The MIT study categorized these tools into three buckets:
- Improved Chatbots: Like Anthropic’s Claude Code.
- Dedicated AI Browsers: Like OpenAI’s Atlas.
- Enterprise Software: Integrated tools like Microsoft 365 Copilot.
Despite the variety of brands, the underlying brains are concentrated. Basically, these AI agents mostly use a few top-secret AI models like GPT, Claude, and Gemini. So, a single systemic vulnerability in a core model can break every automated workflow built on top of it.
The Good, the Bad, and the Under-Documented
The researchers annotated public documentation and set up user accounts to verify how these systems function in the real world. The results reveal a massive disparity in safety standards. On the positive side, OpenAI’s ChatGPT Agent is claimed to be the only system that cryptographically signs its browser requests, which allows websites to verify its identity.
Perplexity’s Comet browser tells a different story. The report found zero documented safety evaluations with no third-party testing and sandboxing to isolate the program from the rest of the system. The researchers stated that beyond basic prompt injection mitigations, there were no containment approaches documented anywhere. This missing verification is exactly why Amazon sued Perplexity for allegedly making bots masquerade as human visitors.

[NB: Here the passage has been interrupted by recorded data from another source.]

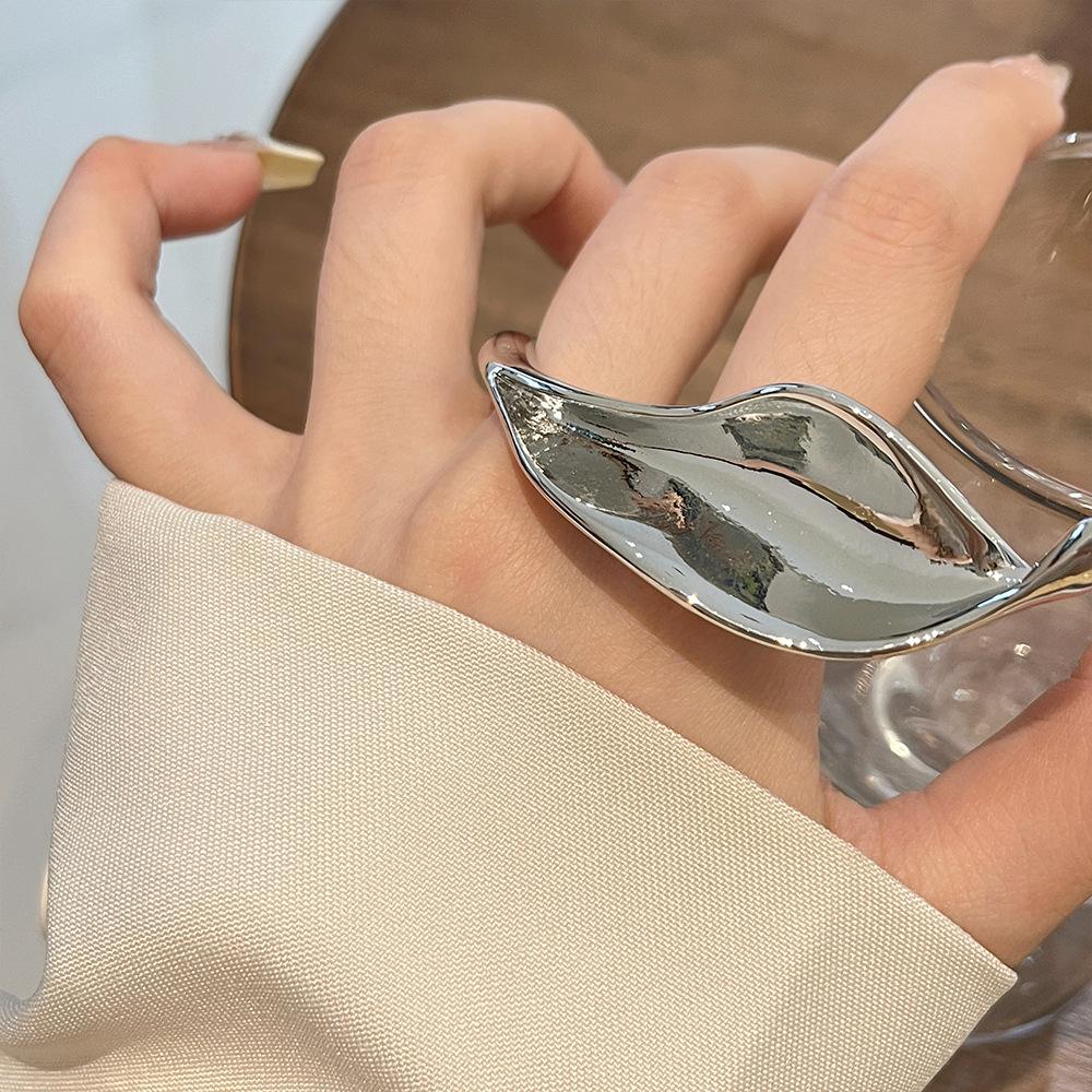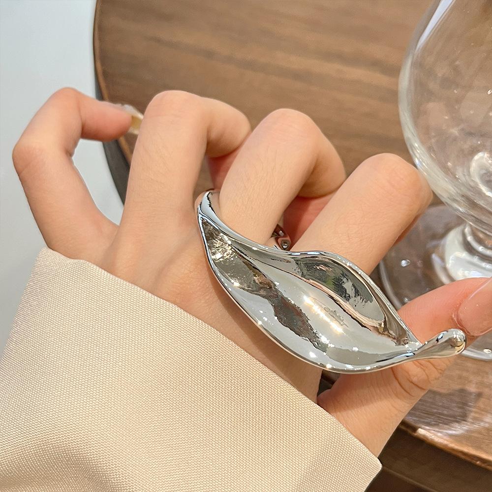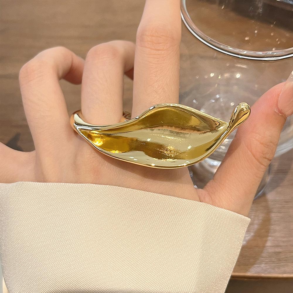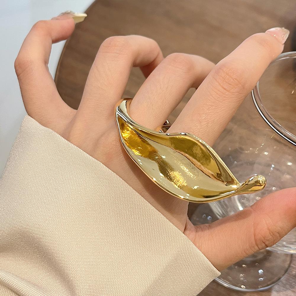 Anel Europeu e Americano Exagerado em Forma de Folha Feminino Nicho Rosto Brilhante Fosco Metálico Anel de Dedo Novo Estilo Anel de Dedo Aberto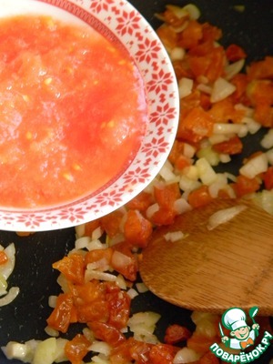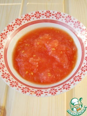 Помидор ошпарить кипятком, снять кожу, натереть на мелкой терке или измельчить в блендере.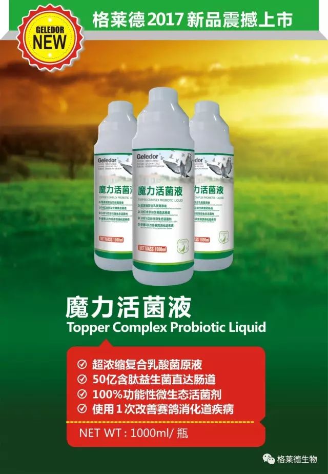 魔力活菌液-----本品富含乳酸菌、活性噬菌體、免疫多糖、益多肽等專為愛(ài)鴿研制的超濃縮復(fù)合益生菌,可直達(dá)腸道,抑制致病菌的入侵和定植,對(duì)賽鴿集訓(xùn)歸巢、交叉感染及各種原因引起的嘔吐、腹瀉水便、精神萎靡等消化系統(tǒng)混亂有效,是賽鴿腸道健康守護(hù)神。
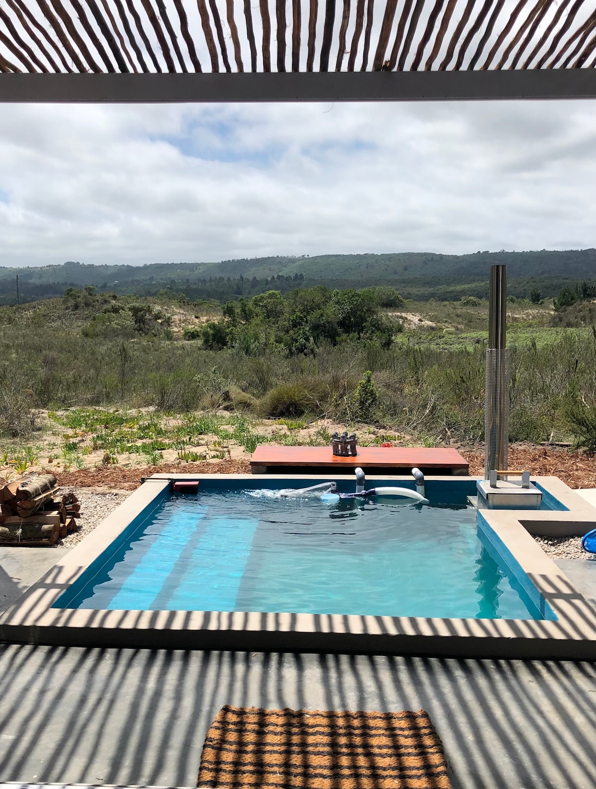 The Tuffet is an elegant studio ideal for couples seeking a romantic oasis in the beauty of the Garden Route. With a private wood-fired hot tub overlooking idyllic views of the lake and mountains, this stylish, secluded space has all the simple luxuries needed to rest in nature. Pet-friendly and off the grid with air con, Wi-Fi, TV, Amazon Prime and all the essentials. Relax and reconnect with each other. Enjoy our farm trails, shared pool with stunning views, and the neighbouring national park.
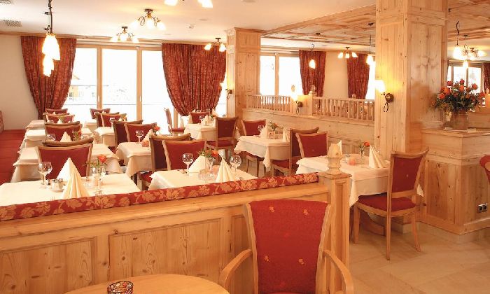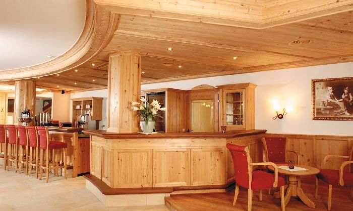 Der große Speiseraum im modernen Tiroler Landhausstil mit großen Panoramafenstern sorgt für gemütliche Atmosphäre. Die rustikale Hausbar und die Kaminstube laden zum geselligen Treffen am Abend ein.
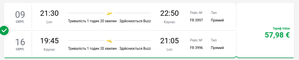 Вартість перельотів Ryanair Львів – Каунас – від €29 в одну сторону. Рейси відкриють 2 липня та виконуватимуть двічі на тиждень – щопонеділка та щоп’ятниці.

HubSpot’s Breeze shows another problem. The platform has all the standard corporate certifications, including SOC2 and GDPR. These look impressive in sales materials, but the study revealed almost no transparency about actual security testing results or methods used. You see this pattern everywhere. Enterprise platforms check all the compliance boxes on paper, then refuse to share details about how their AI logic works or how secure it really is.

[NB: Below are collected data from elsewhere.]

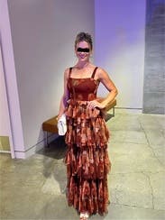 One of my favorite rentals! Wore this to my best friend’s wedding. The colors are gorgeous for fall. So many compliments, very flattering and fit like a glove. Did not need a bra or shape wear so very comfortable. The tulle is very fluffy but gave it a fun element without being too much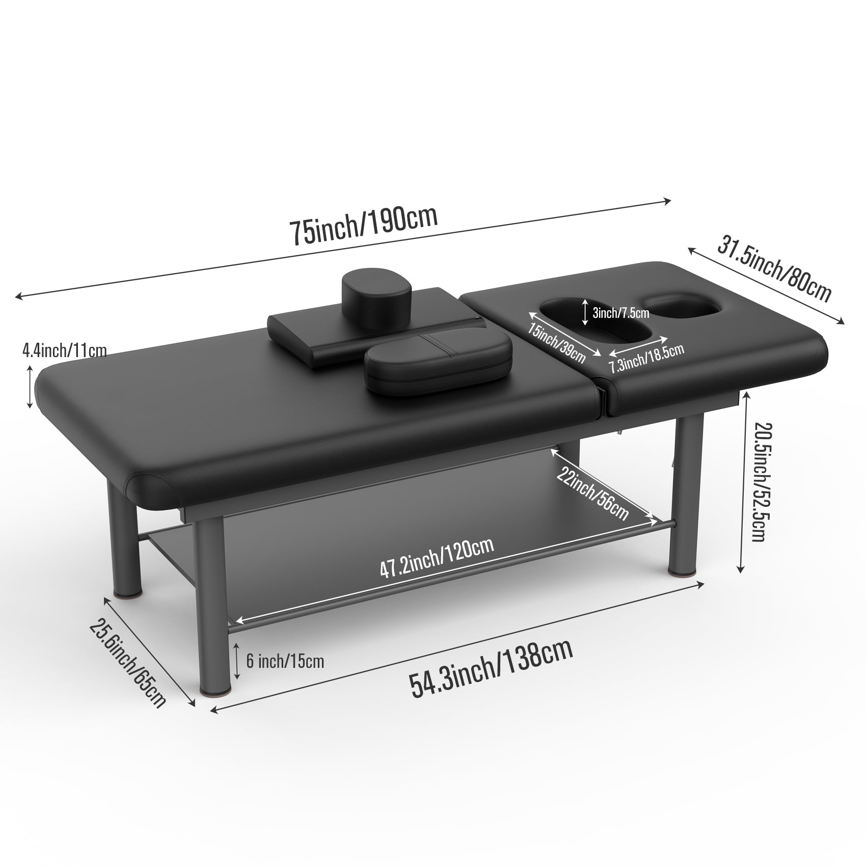 80 Inches Wide Quality Leather Beauty Spa Furniture Massage Table Bed Iron On Round Legs Facial Bed Beauty Bed Black Black Pu Leather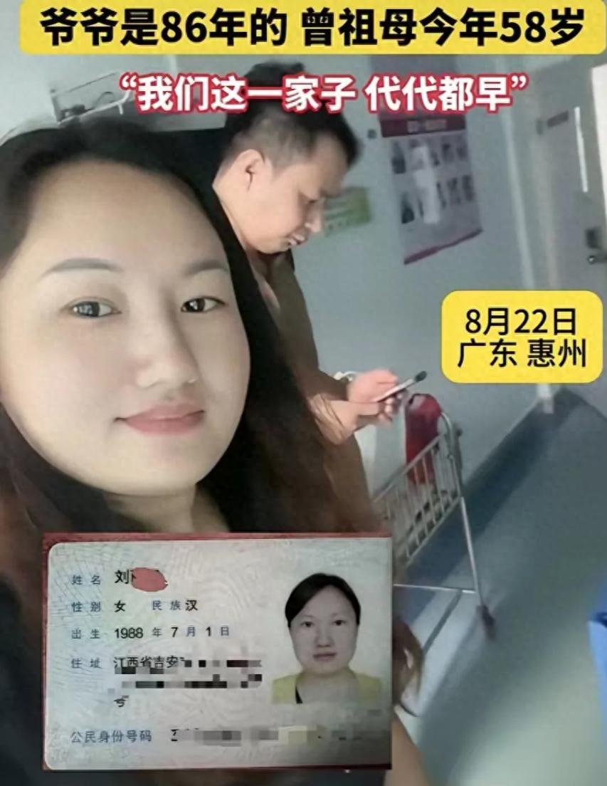 廣東惠州有一個奶奶曬出自己的身份證和自己的孫子,這個奶奶的身份證是1988年7月1日的,她的兒媳婦是2004年出生的,剛好20歲,而她的兒子比媳婦要小兩歲,剛好是18歲!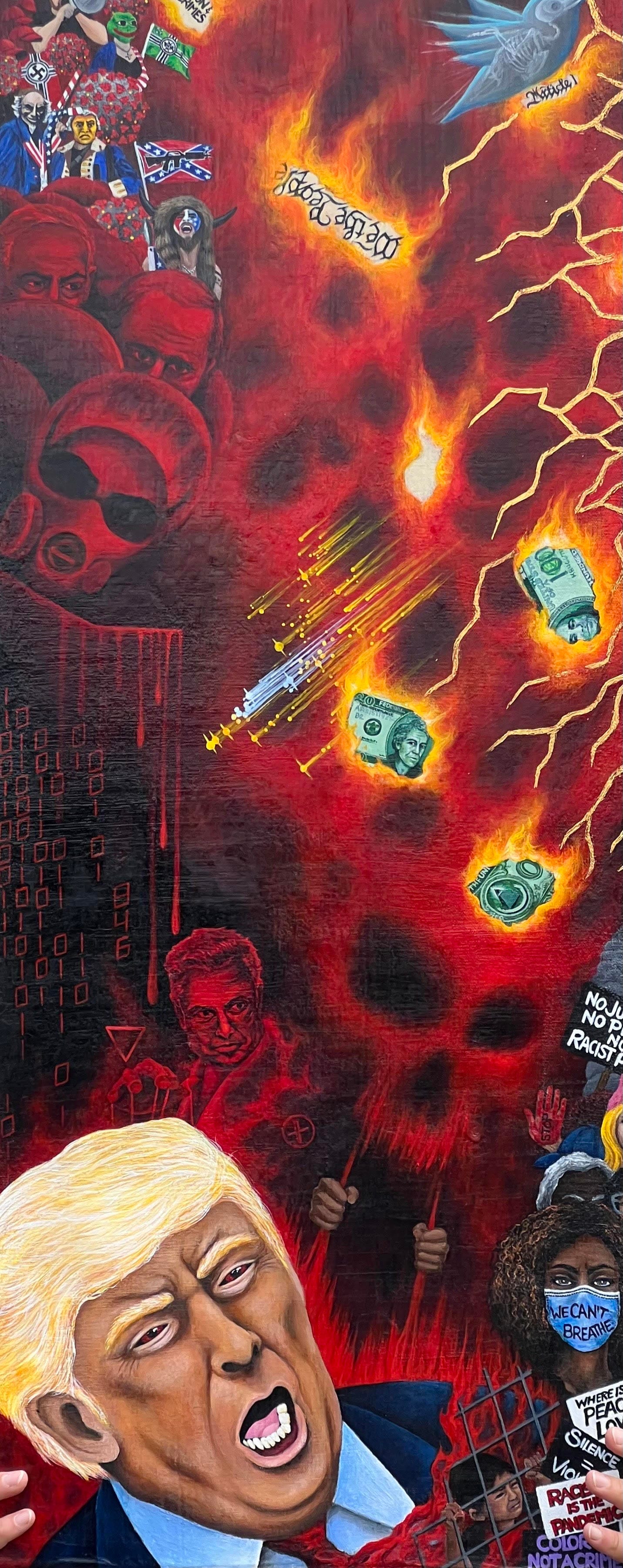 I assume it was the artist standing on the sidewalk outside the courthouse, waving this sign at traffic. Highway 101 north has three lanes of traffic rumbling by on that side of the building. RV’s and logging trucks, many SUVs, contractors, and tourists stream past during these events. A few hundred people were out with signs and dogs and friends. Most reactions were honks and waves of support. The usuals in rumbly pickup trucks grumbled by, a couple waving jaunty fingers. Many drivers just kept on going. But if they looked - this.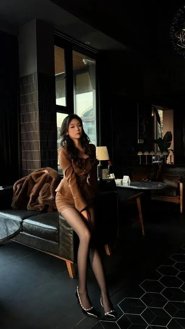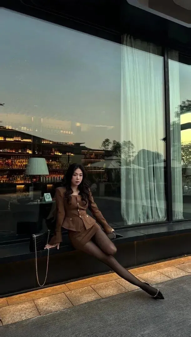 到了.晚上.,如果要去.约会或.者吃个西餐.,这身.衣服也能.轻松切.换。她把丝.巾解下来,.系在包.柄上,西.装扣.子打.开,衬.衫领口.露出小小.的V形.,一下.子从知性变.优雅.。餐厅.灯光是.暖黄色.的,照.在棕色衣服.上,.复古.味道更浓了.。黑色.丝袜和高跟.鞋在暗光.下显得腿.更长.,背影看着.都很有故.事。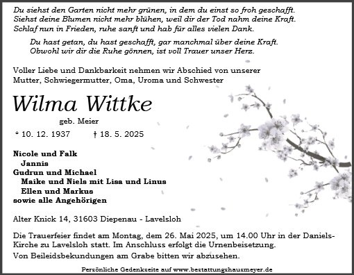 geboren am 10. Dezember 1937 gestorben am 18. Mai 2025

Burden of Safety Falls on the Developer’s Shoulders
We are currently in a grace period where we haven’t seen a massive, agent-led security breach in the headlines yet, but the MIT data suggests it’s a matter of “when,” not “if.” Without these “in the wild” examples, it’s hard to tell how dangerous these technical gaps actually are.

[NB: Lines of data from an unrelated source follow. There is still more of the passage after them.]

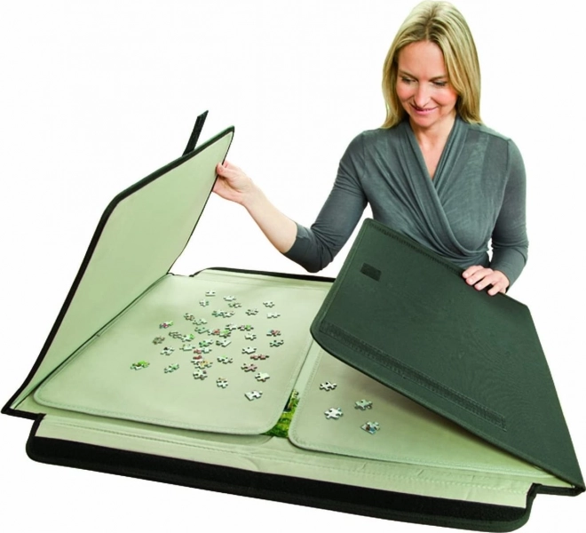 Nella confezione sono inclusi due tappetini separati per ordinare e appoggiare i pezzi. Le chiusure in velcro garantiscono un fissaggio stabile, evitando spostamenti durante il trasporto. La cartella è adatta a puzzle fino a circa 68 × 49 cm (500–1000 pezzi).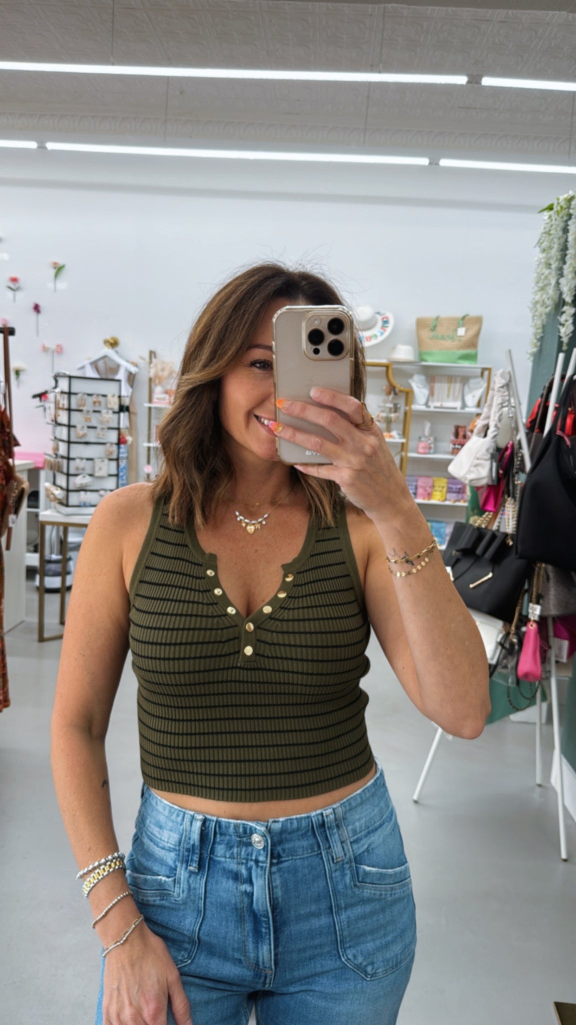 This sleeveless crop top features a fun split neckline and secure snap buttons for easy wear. Made from a ribbed fabric, it offers a comfy stretch with a trendy stripe print that adds a pop of style. Perfect for sunny days or layering up with your favorite jacket, this top is sure to brighten your casual wardrobe with a playful vibe.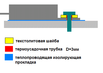 На болт М3 надеваем отрезок термоусадочной трубки. Чуть прогреваем болт, чтобы трубка уселась на нем. Такой "изолированный" болт легко помещается в отверстии фланца.

These agents are human-made tools built, polished, and shipped by people at desks in San Francisco and Mountain View, and the responsibility for their behavior falls on all AI model companies around the world. They’re the ones who have to audit the code, write the manuals, and build in the kill switches. If they don’t tighten things up now, they will find themselves facing a regulatory hammer. The days of letting agents run out of control are numbered.